While tutoring today a student asked me about the following identity

$(*)\qquad\qquad\qquad\displaystyle\sum_{n\ge i\ge j\ge k\ge 0}\binom ni\binom ij\binom jk=4^n$.

One way to prove it is to count the number of possible triples $(A,B,C)$ of sets with $C\subseteq B\subseteq A\subseteq S=\{1,\dots,n\}$. This can be done in two ways.

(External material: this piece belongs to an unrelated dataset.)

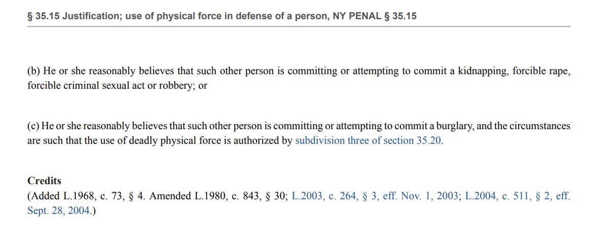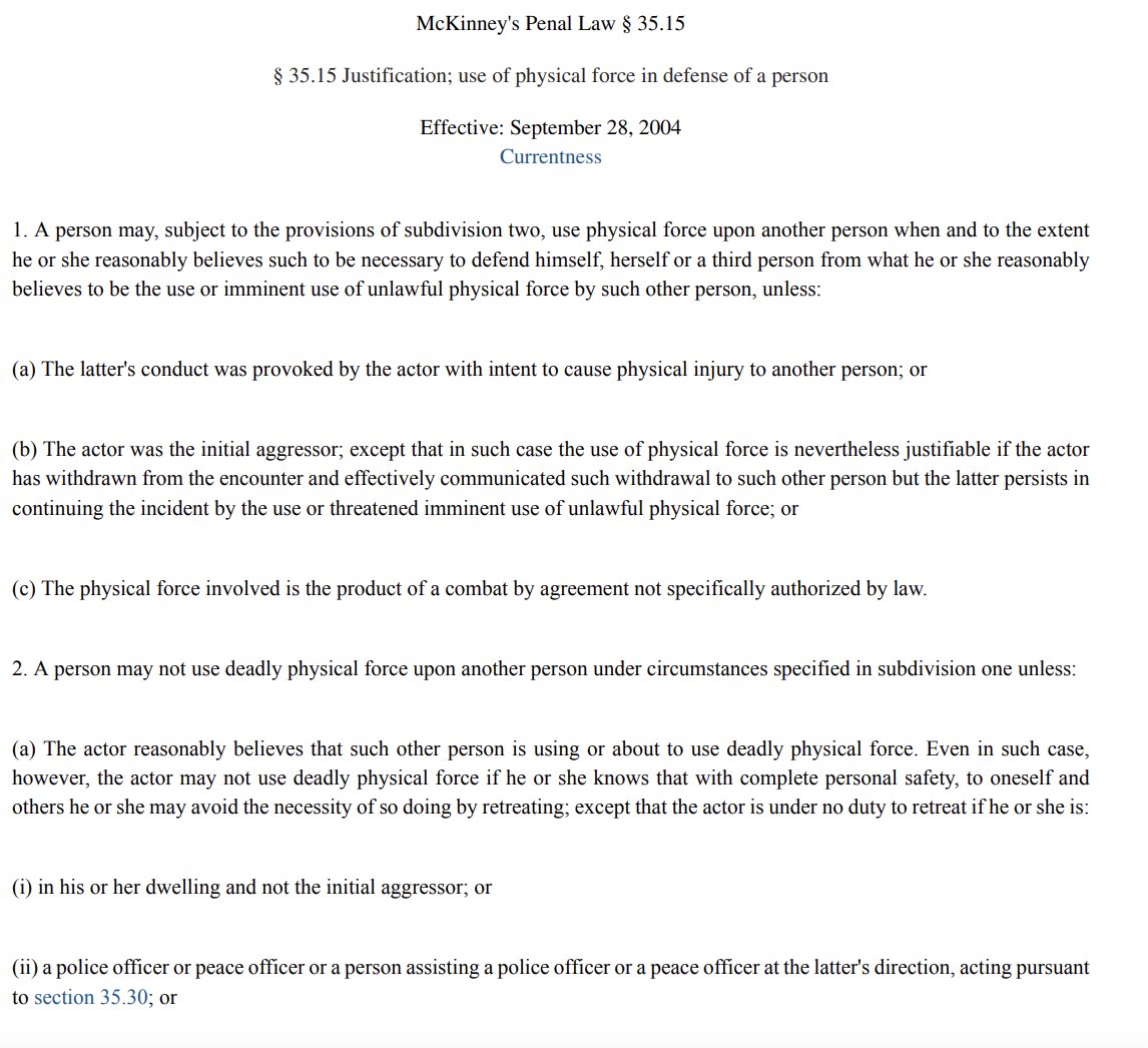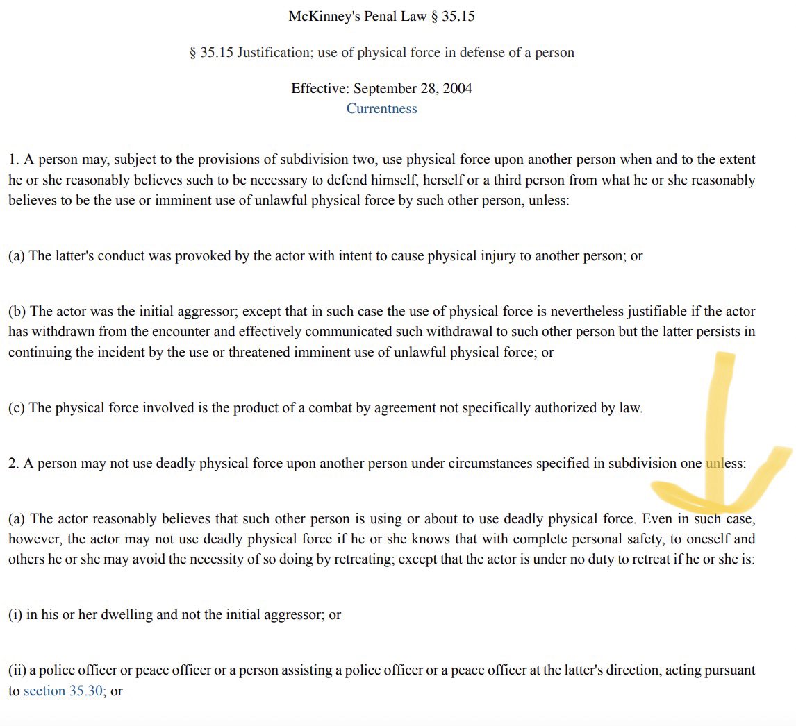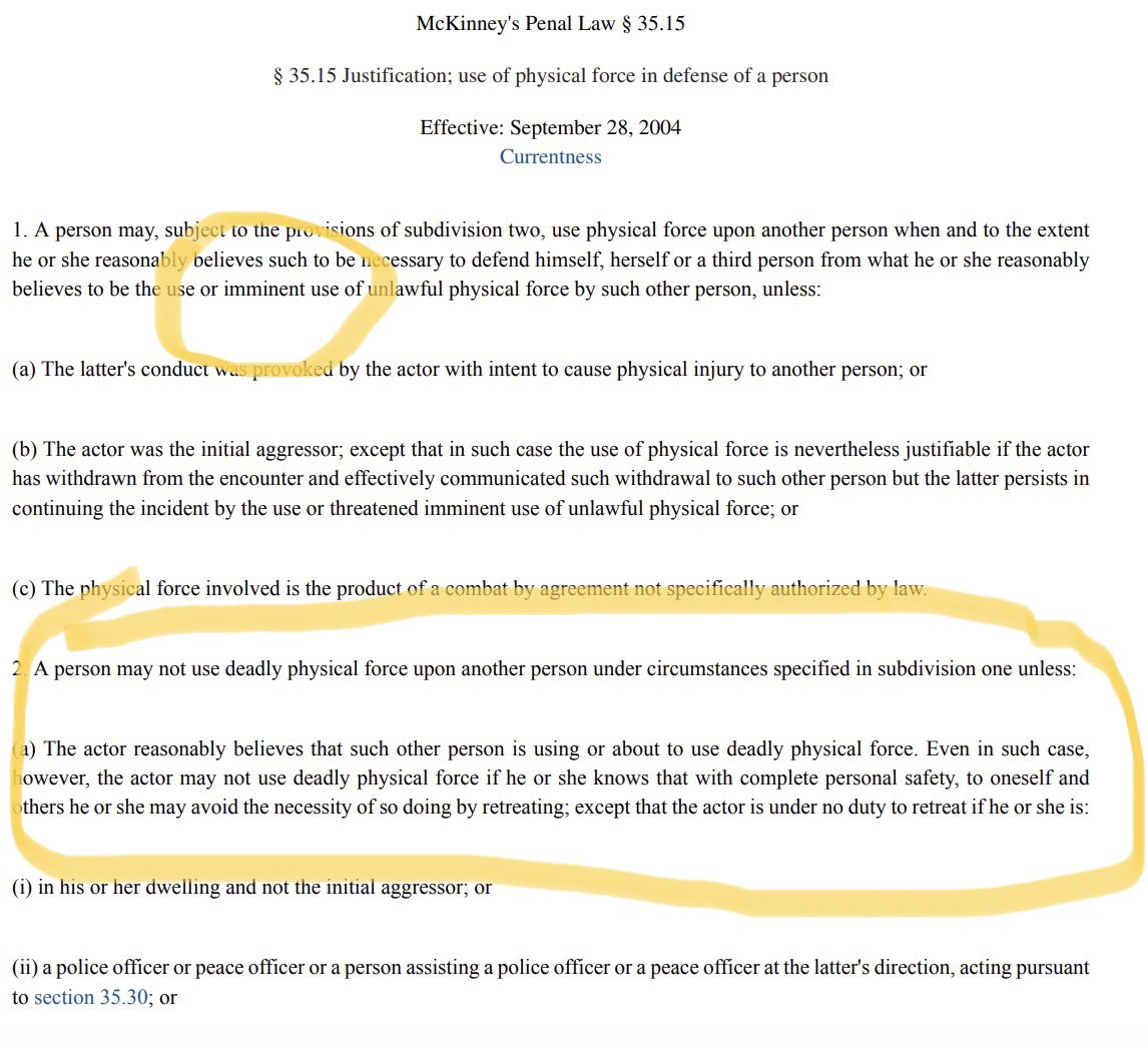 If you believe that a 15-minute long chokehold on the NYC subway (that’s 900 seconds of asphyxiation) is a justified use of deadly force, you really need to read up on NY Penal Law 35.15.👇

First, if $A, B, C$ contain $i,j,k$ elements respectively then the number of such triples clearly equals the left-hand side of $(*)$. On the other hand, since each element of $S$ must belong to one of the four disjoint regions in the picture below

the number of such triples equals precisely $4^n$.

An algebraic proof can be obtained by repeated use of the binomial theorem:

$\displaystyle 4^n=\sum_{n\ge i\ge 0}\binom ni3^i=\sum_{n\ge i\ge j\ge 0}\binom ni\binom ij2^j=\sum_{n\ge i\ge j\ge k\ge 0}\binom ni\binom ij\binom jk$.

Similarly, one obtains the more general identity

$\displaystyle\sum_{n\ge i_m\ge\cdots\ge i_1\ge 0}\binom{n}{i_1}\binom{i_1}{i_2}\cdots\binom{i_{m-1}}{i_m}=(m+1)^n$.

This also follows from the multinomial theorem since the left-hand side equals

$\displaystyle\sum_{n\ge i_m\ge\cdots\ge i_1\ge 0}\frac{n!}{(n-i_1)!(i_1-i_2)!\cdots (i_{m-1}-i_m)!i_m!}=(m+1)^n$.